Taschner's first full season in the major leagues saw him rank third on the team in appearances. He pitched 50 innings out of the Giants' bullpen, striking out 51 batters in 63 games. He allowed a .235 opponents' batting average, which was lowest among all qualifying relievers. He also allowed only 19 hits to right-handed batters over the entire season, qualifying him as a left-handed specialist. Taschner's 2008 season yielded a strong performance, in which he allowed only 26 earned runs in 48 innings; he struck out 39 batters while walking 24.

===Philadelphia Phillies===
On March 27, 2009, Taschner was traded to the Philadelphia Phillies for catcher Ronny Paulino. He appeared in 24 games with the Phillies, with a 1–1 record and 4.91 ERA. In November 2009 Taschner was granted free agency after being outrighted to Triple-A.

===Pittsburgh Pirates===
On December 23, 2009, Taschner signed a minor league contract with the Pittsburgh Pirates with an invitation to spring training.
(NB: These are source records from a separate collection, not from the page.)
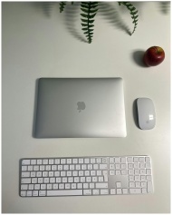 Modern minimalist workspace setup featuring smartp
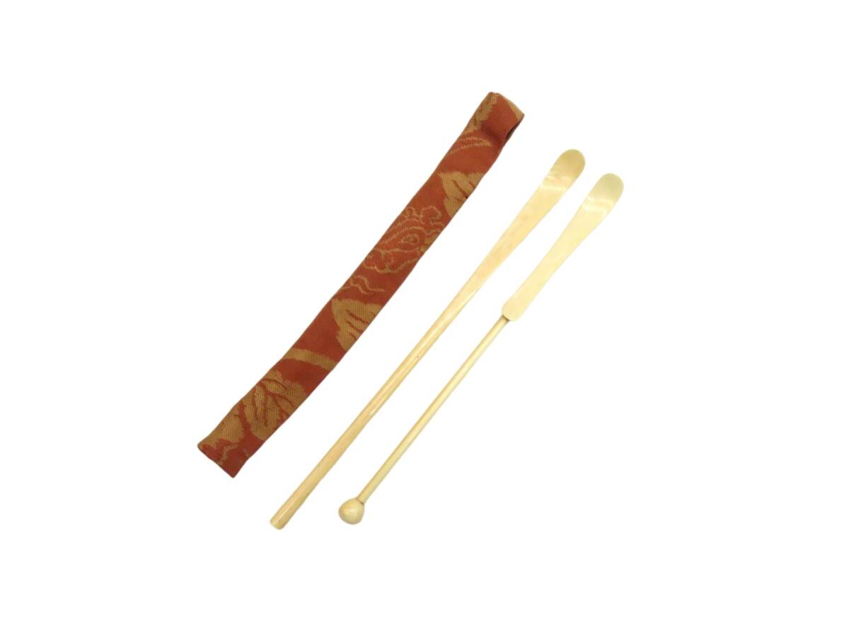 > K8896 茶杓 茶匙 2点 特殊材料 仕覆 時代物 古美術 茶道具 煎茶道具 鉄瓶 サイズ ①長さ約18.4cm ②長さ約16.7cm
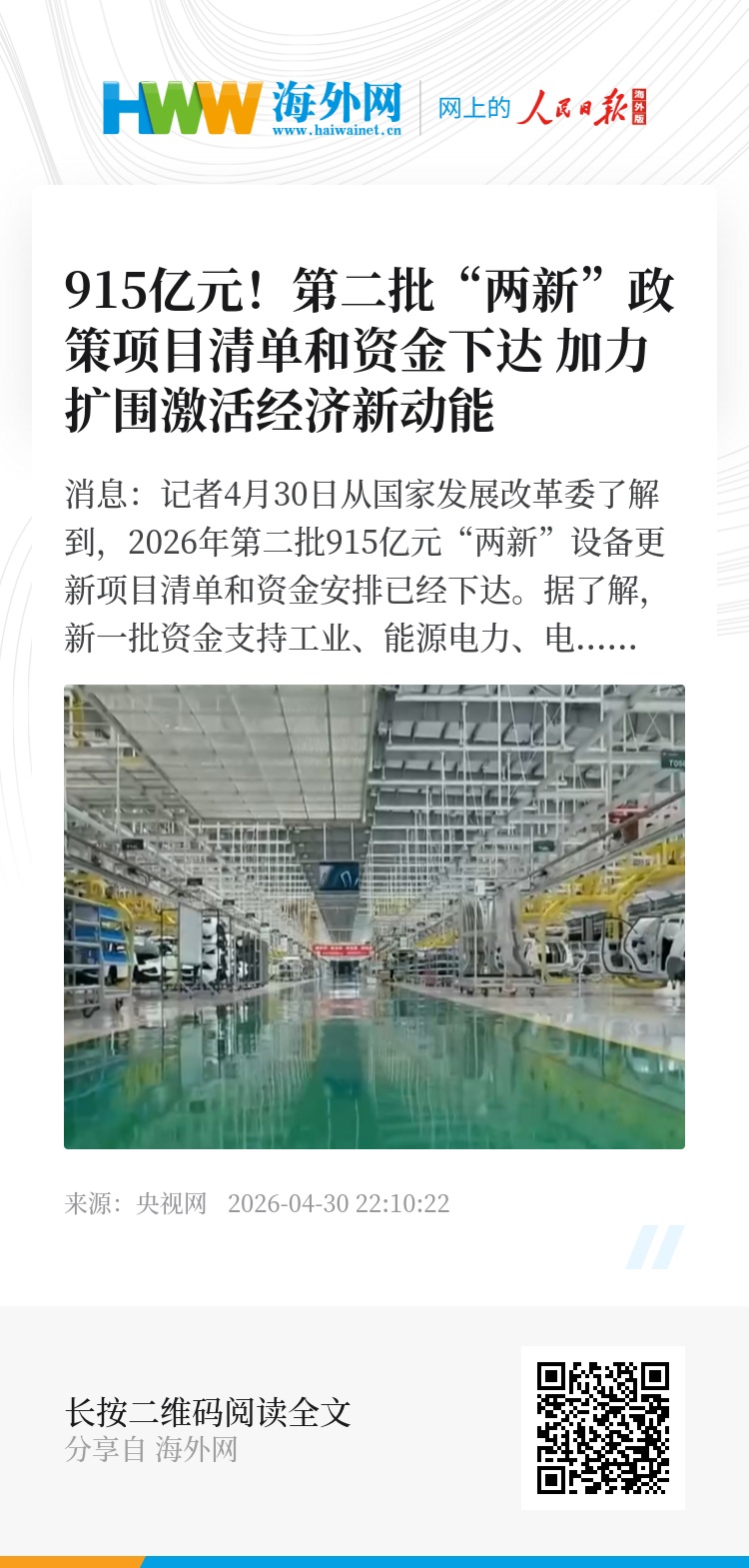 央视网消息:记者4月30日从国家发展改革委了解到,2026年第二批915亿元“两新”设备更新项目清单和资金安排已经下达。

On June 9, 2010, he was designated for assignment after having a 6.05 ERA in 17 appearances, with 19.1 innings, 17 strikeouts, eight walks, and one win. On June 19, 2010, Taschner declared free agency after refusing an outright assignment to the minors.

===Los Angeles Dodgers===
On June 27, 2010, he signed a minor league contract with the Los Angeles Dodgers and was assigned to the AAA Albuquerque Isotopes. He was promoted to the Dodgers on July 21. He only retired one batter while with the Dodgers. Taschner is a left-handed baseball pitcher. He appeared in just three games for the Dodgers before being designated for assignment on July 29. He elected to declare free agency instead of accepting a minor league assignment.

==Community==
Taschner is active in the San Francisco community with a variety of charities. He has worked with both the Shriner's Hospital and Habitat for Humanity during his tenure with the Giants. He has also instructed at a baseball skills clinic for children participating in the Special Olympics.

==Post-Baseball career==
After his playing career ended, he chose to become a police officer in Appleton, Wisconsin in 2011. He and his wife decided to raise their family in the Appleton area while he was still playing professional ball. In 2015, he became commissioner of his son's 7- to 8-year-old league. He became the head coach at Neenah High School in July 2018 after being an assistant coach.